**Action item**
Your answer must be the lines from the first record through the line that contains "Observation by Mike", copied exactly and without any pictures.
--- Extracted material Enclosed Below ---
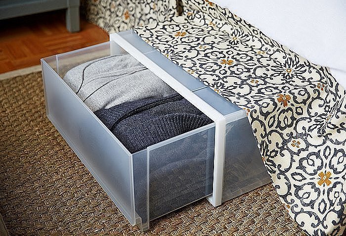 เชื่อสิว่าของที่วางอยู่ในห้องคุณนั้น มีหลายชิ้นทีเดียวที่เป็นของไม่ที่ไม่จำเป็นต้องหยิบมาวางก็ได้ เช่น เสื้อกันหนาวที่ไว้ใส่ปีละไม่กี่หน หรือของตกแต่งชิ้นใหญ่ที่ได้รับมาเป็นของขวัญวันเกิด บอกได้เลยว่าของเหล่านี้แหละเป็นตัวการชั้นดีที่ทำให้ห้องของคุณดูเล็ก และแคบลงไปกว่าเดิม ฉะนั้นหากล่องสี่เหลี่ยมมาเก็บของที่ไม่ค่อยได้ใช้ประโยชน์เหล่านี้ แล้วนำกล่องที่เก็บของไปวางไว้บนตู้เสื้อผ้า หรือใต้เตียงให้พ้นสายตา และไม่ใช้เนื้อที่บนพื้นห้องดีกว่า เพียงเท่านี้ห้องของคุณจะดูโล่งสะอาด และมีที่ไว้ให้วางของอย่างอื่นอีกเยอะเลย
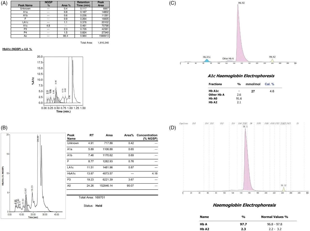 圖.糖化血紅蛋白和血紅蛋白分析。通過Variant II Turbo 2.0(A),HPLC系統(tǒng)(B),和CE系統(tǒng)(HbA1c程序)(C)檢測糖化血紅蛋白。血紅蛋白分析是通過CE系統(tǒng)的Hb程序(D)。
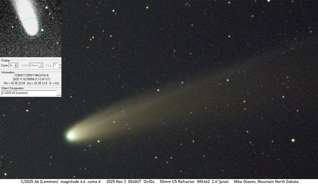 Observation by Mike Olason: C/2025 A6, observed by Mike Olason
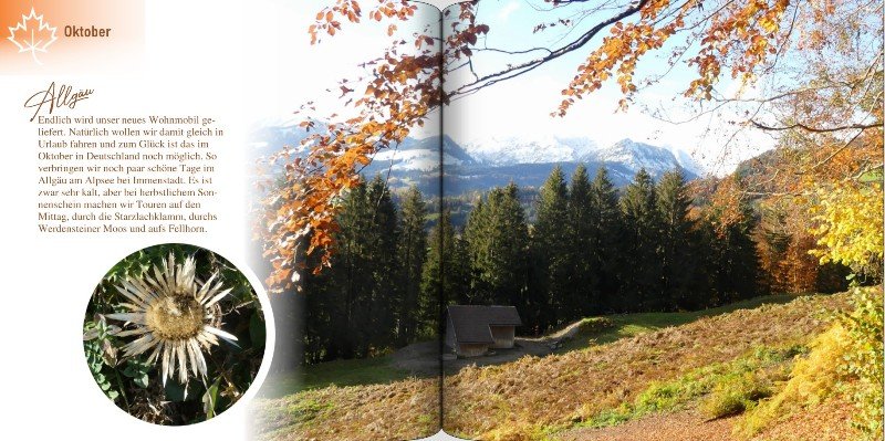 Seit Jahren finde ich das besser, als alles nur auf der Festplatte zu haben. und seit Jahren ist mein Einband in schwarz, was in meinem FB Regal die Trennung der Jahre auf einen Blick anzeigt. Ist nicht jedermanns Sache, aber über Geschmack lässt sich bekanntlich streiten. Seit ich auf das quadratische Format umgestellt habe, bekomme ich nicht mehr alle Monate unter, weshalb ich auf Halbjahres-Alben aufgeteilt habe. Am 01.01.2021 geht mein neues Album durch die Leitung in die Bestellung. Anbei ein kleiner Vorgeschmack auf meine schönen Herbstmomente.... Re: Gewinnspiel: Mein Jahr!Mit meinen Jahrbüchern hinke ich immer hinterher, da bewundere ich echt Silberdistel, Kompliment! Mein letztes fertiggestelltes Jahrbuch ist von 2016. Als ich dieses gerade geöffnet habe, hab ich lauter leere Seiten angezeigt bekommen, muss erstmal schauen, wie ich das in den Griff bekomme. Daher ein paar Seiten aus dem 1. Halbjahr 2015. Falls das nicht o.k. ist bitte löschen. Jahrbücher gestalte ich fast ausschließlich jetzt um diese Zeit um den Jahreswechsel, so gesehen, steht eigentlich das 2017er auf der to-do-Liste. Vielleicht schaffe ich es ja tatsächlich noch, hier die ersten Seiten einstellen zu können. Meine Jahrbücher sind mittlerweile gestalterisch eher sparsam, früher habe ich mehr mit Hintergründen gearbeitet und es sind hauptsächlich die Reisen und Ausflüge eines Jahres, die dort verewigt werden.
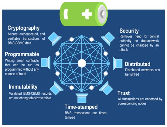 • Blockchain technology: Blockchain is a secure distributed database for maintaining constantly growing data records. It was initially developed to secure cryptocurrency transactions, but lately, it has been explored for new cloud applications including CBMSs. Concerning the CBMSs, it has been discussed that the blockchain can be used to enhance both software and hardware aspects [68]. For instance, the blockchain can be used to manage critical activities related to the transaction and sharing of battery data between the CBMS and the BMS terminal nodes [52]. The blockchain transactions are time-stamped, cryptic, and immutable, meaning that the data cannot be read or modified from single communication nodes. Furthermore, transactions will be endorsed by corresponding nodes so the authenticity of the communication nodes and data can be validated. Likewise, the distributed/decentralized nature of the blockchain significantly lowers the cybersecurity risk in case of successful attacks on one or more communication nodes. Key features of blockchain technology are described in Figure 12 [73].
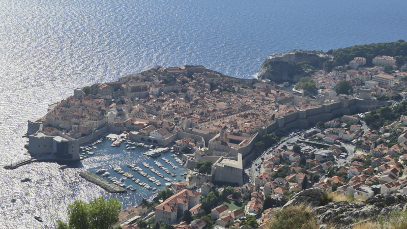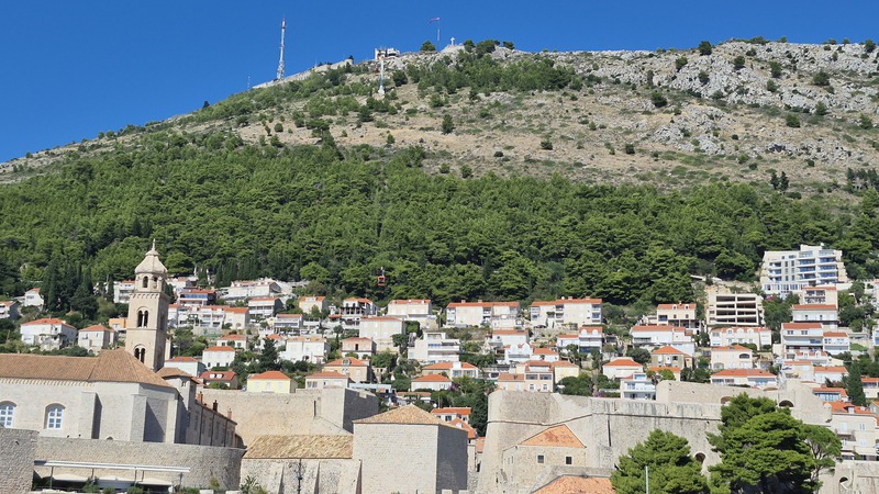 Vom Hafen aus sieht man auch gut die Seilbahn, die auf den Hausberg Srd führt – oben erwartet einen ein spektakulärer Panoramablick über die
--- End of Enclosed Extracted material ---
**Response box**
 เชื่อสิว่าของที่วางอยู่ในห้องคุณนั้น มีหลายชิ้นทีเดียวที่เป็นของไม่ที่ไม่จำเป็นต้องหยิบมาวางก็ได้ เช่น เสื้อกันหนาวที่ไว้ใส่ปีละไม่กี่หน หรือของตกแต่งชิ้นใหญ่ที่ได้รับมาเป็นของขวัญวันเกิด บอกได้เลยว่าของเหล่านี้แหละเป็นตัวการชั้นดีที่ทำให้ห้องของคุณดูเล็ก และแคบลงไปกว่าเดิม ฉะนั้นหากล่องสี่เหลี่ยมมาเก็บของที่ไม่ค่อยได้ใช้ประโยชน์เหล่านี้ แล้วนำกล่องที่เก็บของไปวางไว้บนตู้เสื้อผ้า หรือใต้เตียงให้พ้นสายตา และไม่ใช้เนื้อที่บนพื้นห้องดีกว่า เพียงเท่านี้ห้องของคุณจะดูโล่งสะอาด และมีที่ไว้ให้วางของอย่างอื่นอีกเยอะเลย
 圖.糖化血紅蛋白和血紅蛋白分析。通過Variant II Turbo 2.0(A),HPLC系統(tǒng)(B),和CE系統(tǒng)(HbA1c程序)(C)檢測糖化血紅蛋白。血紅蛋白分析是通過CE系統(tǒng)的Hb程序(D)。
 Observation by Mike Olason: C/2025 A6, observed by Mike Olason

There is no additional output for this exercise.